WORK INSTRUCTION: Find the line with "With showing coastal" and the line with "offene Rosetten bis" in the entries below; output exactly those two lines, every line between them, and no others.

DATA:

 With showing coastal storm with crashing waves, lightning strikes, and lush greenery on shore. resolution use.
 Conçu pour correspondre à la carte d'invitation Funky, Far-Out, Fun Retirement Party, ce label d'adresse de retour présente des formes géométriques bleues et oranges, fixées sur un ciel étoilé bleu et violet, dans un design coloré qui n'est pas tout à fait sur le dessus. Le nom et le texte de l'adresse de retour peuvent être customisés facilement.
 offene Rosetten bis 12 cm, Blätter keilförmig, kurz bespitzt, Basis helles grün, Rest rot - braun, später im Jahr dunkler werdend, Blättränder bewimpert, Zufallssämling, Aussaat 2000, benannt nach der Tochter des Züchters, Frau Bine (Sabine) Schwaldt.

==

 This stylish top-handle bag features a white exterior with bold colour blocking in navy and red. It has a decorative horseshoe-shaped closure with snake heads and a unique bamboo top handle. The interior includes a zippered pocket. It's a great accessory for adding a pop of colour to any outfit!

OUTPUT FOR THIS TASK:
 With showing coastal storm with crashing waves, lightning strikes, and lush greenery on shore. resolution use.
 Conçu pour correspondre à la carte d'invitation Funky, Far-Out, Fun Retirement Party, ce label d'adresse de retour présente des formes géométriques bleues et oranges, fixées sur un ciel étoilé bleu et violet, dans un design coloré qui n'est pas tout à fait sur le dessus. Le nom et le texte de l'adresse de retour peuvent être customisés facilement.
 offene Rosetten bis 12 cm, Blätter keilförmig, kurz bespitzt, Basis helles grün, Rest rot - braun, später im Jahr dunkler werdend, Blättränder bewimpert, Zufallssämling, Aussaat 2000, benannt nach der Tochter des Züchters, Frau Bine (Sabine) Schwaldt.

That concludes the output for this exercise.